How to Use Built-In Security for Microsoft 365

Robert Kiss

Robert Kiss

2/10/2026

General

Learn how to use built-in Microsoft 365 compliance and security tools to strengthen your tenant and prepare for audits.

How to Use Built-In Security for Microsoft 365

Learn how to use built-in Microsoft 365 compliance and security tools to strengthen your tenant and prepare for audits.

Microsoft 365 comes with a surprisingly rich set of built-in security and compliance tools, even if you’re “just” on an E3 plan. The problem is, most admins only use a small slice of them.
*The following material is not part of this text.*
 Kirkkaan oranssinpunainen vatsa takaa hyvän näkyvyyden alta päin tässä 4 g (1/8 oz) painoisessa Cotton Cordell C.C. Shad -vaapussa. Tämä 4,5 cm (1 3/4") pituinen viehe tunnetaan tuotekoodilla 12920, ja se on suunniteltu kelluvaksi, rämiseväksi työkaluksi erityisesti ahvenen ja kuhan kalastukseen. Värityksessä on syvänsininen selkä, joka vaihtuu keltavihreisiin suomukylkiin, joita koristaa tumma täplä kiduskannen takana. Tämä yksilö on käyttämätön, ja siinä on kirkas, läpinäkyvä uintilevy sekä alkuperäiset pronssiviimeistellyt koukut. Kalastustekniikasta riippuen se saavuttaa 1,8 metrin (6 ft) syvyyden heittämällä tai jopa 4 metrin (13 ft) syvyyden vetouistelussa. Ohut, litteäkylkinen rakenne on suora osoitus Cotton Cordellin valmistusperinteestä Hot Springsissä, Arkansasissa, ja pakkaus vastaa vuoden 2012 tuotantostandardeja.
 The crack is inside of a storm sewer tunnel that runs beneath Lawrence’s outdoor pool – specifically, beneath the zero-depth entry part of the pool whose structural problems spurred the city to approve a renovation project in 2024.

The portals are a bit scattered, the naming changes every few months, and honestly, it’s easy to get lost.

In this how-to guide, we’ll walk step by step through how to use the native Microsoft 365 security and compliance capabilities to harden your tenant, improve your security posture, and lay a solid foundation for any microsoft 365 compliance work or upcoming m365 security audit.
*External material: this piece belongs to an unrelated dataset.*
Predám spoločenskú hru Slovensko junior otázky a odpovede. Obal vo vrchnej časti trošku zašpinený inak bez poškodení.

We’ll stay practical: where to click, what to look at first, and how these pieces fit together if you want to move toward automated compliance m365 and structured assessments like the cis benchmark microsoft 365.
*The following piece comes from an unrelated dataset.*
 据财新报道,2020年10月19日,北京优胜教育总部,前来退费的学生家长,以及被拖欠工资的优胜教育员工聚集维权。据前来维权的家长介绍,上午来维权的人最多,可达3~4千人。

Step 1: Get into the Microsoft 365 admin center

Everything starts in the Microsoft 365 admin center. Even if you’re focused on microsoft 365 compliance or security, this is your main doorway.

Accessing the admin center

1. Open a browser and go to office.com (or office365.com if that’s your muscle memory).
2. Sign in with your admin account.
3. On the left-hand menu, click Admin to open the Microsoft 365 admin center.

If you don’t see the Admin tile at all, you probably don’t have the right role assigned (for example, you might be a regular user or only have limited admin rights). In that case, you’ll need to work with your global admin or security admin to get appropriate permissions.

Why the admin center matters for security

Inside the admin center, click Show all in the left navigation. This expands into a list of specialized admin centers, including:

  • Security
  • Compliance
  • Azure Active Directory / Entra ID
  • Exchange, SharePoint, etc.

From a microsoft 365 compliance and security perspective, these are the key reasons the admin center matters:

  • It’s where you manage identities and access (users, groups, roles) – the foundation of any m365 security assessment.
  • It’s your jumping-off point to the Microsoft 365 Defender and Compliance (Purview) portals.
  • It shows global health and licensing, which affects what security and compliance features you can actually use.

To be honest, many organizations skip straight to individual portals and forget the admin center as the “map.” Don’t. When you’re preparing for a m365 security audit, being able to quickly demonstrate where security features are configured across your tenant makes the conversation much smoother.

Step 2: Use Microsoft 365 Defender to understand your security posture

Next, let’s move into Microsoft 365 Defender. Even with an E3 subscription, you’ll see useful information about your environment’s security score and risks.

Opening the Security / Defender portal

From the Microsoft 365 admin center:

1. Click Show all in the left menu.
2. Select Security.

This will open the Microsoft 365 Defender portal. Depending on licensing, some advanced features may be greyed out, but you should still see:

  • Microsoft Secure Score
  • Threat & vulnerability information
  • Alerts and incidents (if you have Defender plans)

Secure Score is particularly important if you’re building toward microsoft 365 compliance automation or just want a more systematic m365 security assessment.

Using Secure Score for practical improvements

Secure Score gives you a percentage-based metric of how well your tenant is configured according to Microsoft’s recommended security controls.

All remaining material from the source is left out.